We also examined the levels of neural plasticity-related genes (BDNF, GIUR1 and GFAP) and S100β after intervention. The results suggested that the mRNA and protein expression of BDNF, GIUR1, and GFAP was significantly increased in the stress-stimulated rats in response to STC1 overexpression, and that of S100β displayed a marked decline, all of which were opposite to these changes induced by STC1 silencing (Figures 6K,L). Meanwhile, re-expression of STC1 significantly increased the number of BrdU- and Nestin-positive cells (Figure 6M) and percentage of TUNEL-positive cells (Figure 6N) in the hippocampus of stress-stimulated rats. By contrast, STC1 knockdown reduced the number of BrdU- and Nestin-positive cells and percentage of TUNEL-positive cells. The aforementioned data demonstrated that STC1 overexpression could suppress the inflammation and apoptosis in the hippocampus as well as relieving the symptoms of rats with depression-like behaviors.
In this study, we mainly illuminated that STC1 was not only capable of protecting stress stimulation-induced depression-like behaviors but also able to repress the release of pro-inflammatory proteins and enhance the neural plasticity in rats with depression-like behaviors via mediation of the ROS/NF-κB signaling pathway.
A downregulated expression of STC1 was observed in the rats after stress stimulation. According to the results of behavior tests including sucrose preference, open-field, forced-swimming, tail suspension and the foraging tests, we found that STC1 considerably reduced the depression-like behaviors induced by stress stimulation in rats. Intriguingly, a previous study discovered that STC1 concentration was decreased in patients with dementia relative to those Alzheimer's disease and cognitively normal controls (25). Similar to our findings, mammalian STC1 could exert neuroprotective effect against hypercalcemic and hypoxic injury in brain neurons (10). Our study demonstrated that STC1 elevated the numbers of BrdU- and Nestin-positive cells in rats with depression-like behaviors, suggestive of its beneficial role in neurogenesis. In addition to these effects, STC1 exert suppressive effect on inflammation and promotive effect on neural plasticity in the rats with depression-like behaviors. Also, STC1 was found to increase the activity of SOD and CAT in the hippocampus of a cerebral ischemia/reperfusion rat model, thereby reducing oxidative stress and blood brain barrier permeability to ameliorate cerebral ischemia (26), which was consistent with our findings. Furthermore, STC1 was identified as an ROS scavenger in the research conducted by Liu et al. They found that STC1 could improve anti-inflammation, anti-oxidant as well as anti-apoptosis activities by increasing SOD and decreasing MDA, IL-6, and IFN-γ through downregulation of ROS production (12). Besides, inhibition of ROS overproduction and NF-κB activation diminished the levels of chemokines in endothelial cells, which was found to be in part attributed to STC1-upregulated uncoupling protein 2 (27). Hence, we further analyzed whether STC1 could mediate the ROS/NF-κB signaling pathway in rats with depression-like behaviors.
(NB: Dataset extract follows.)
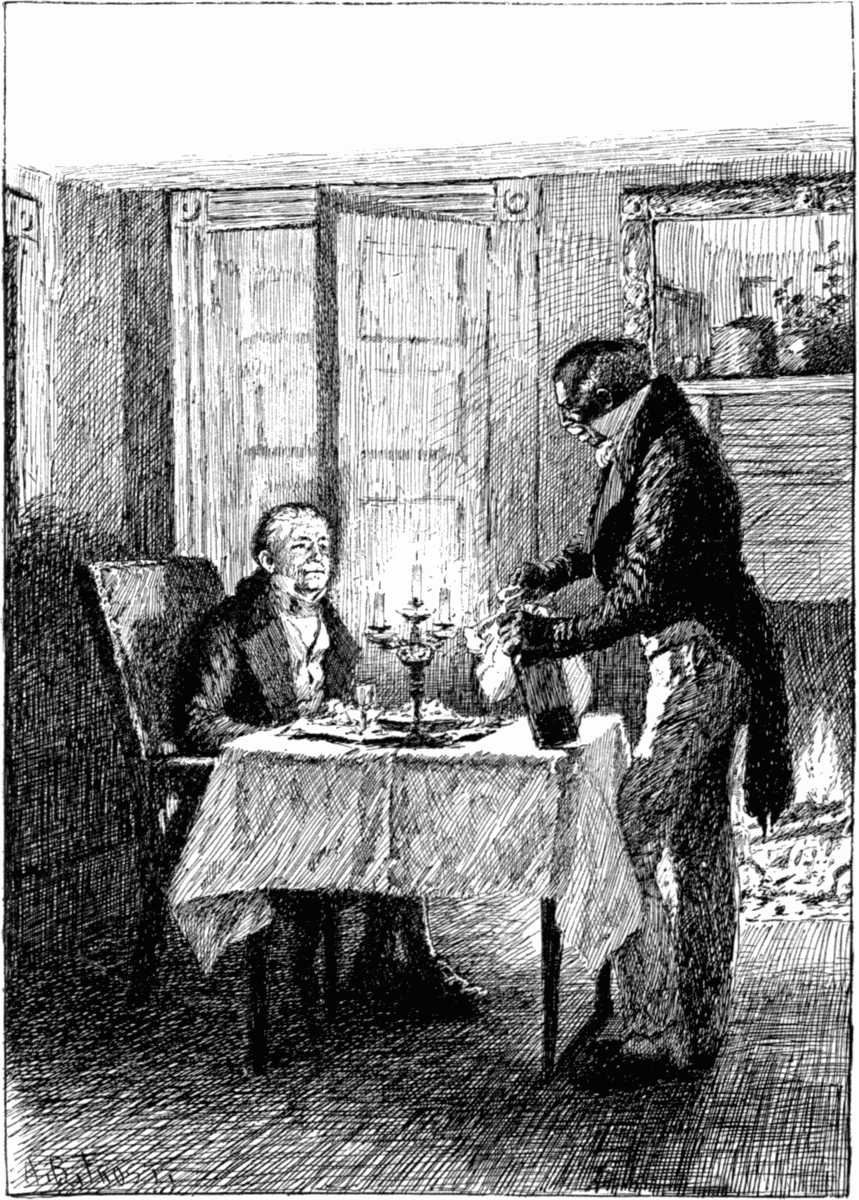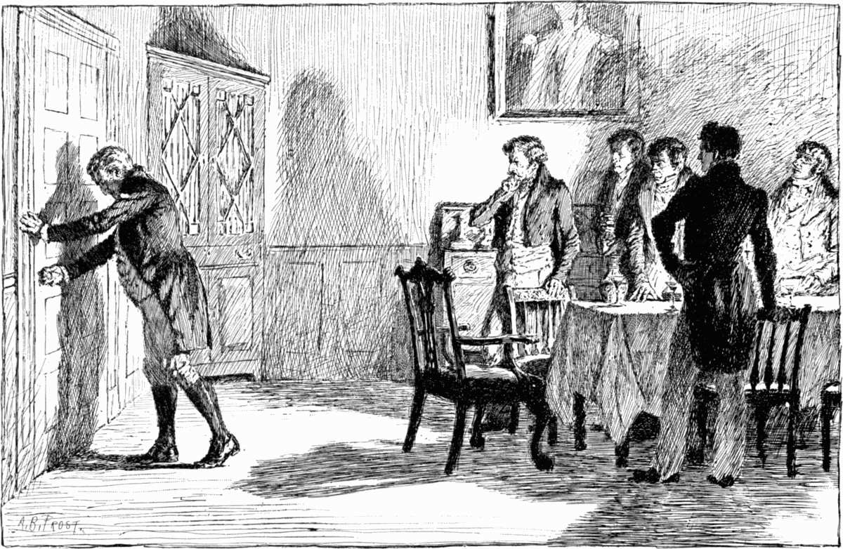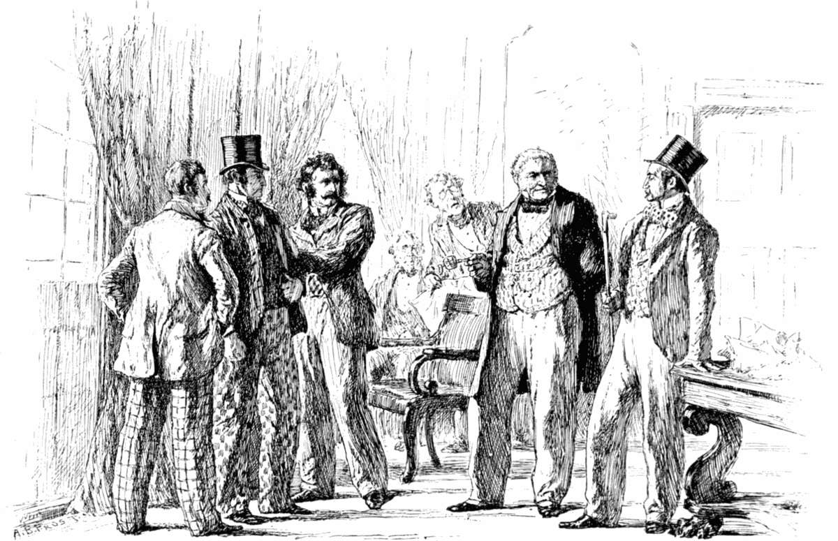 When the white-haired old lady who sat in this coach, with a very little girl by her side, saw Mr. Dolph and his son, she leaned out of the window and signalled to the old periwigged driver to stop, and he drew up close to the sidewalk. And then Mr. Dolph and his son came up to the window and took off their hats, and made a great low bow and a small low bow to the old lady and the little girl.[12]

The ROS/NF-κB signaling pathway has been extensively reported to regulate inflammation and neural plasticity. For instance, resveratrol-activated ROS/NF-κB signaling pathway aggravated phosphine-induced hepatic injury partially by reducing SOD and CAT, increasing the levels of TNF-α, IL-1β, and IL-6, and promoting apoptosis of hepatocytes (28). The aerobic exercise-induced downregulation of the NF-κB/NLRP3/IL-1β signaling pathway could increase the expression of proteins related to hippocampal synaptic plasticity in diabetic rats (29). Moreover, inhibition of NF-κB by hesperidin could aid in diminishing neuronal degeneration and hippocampal inflammation, while improving learning as well as cognitive responses in a sevoflurane anesthetized neonatal rat model (30). In addition, the activated NF-κB pathway could contribute to enhancing the associative plasticity in an aged neural network and is therefore potential for treating age-related cognitive decline (31).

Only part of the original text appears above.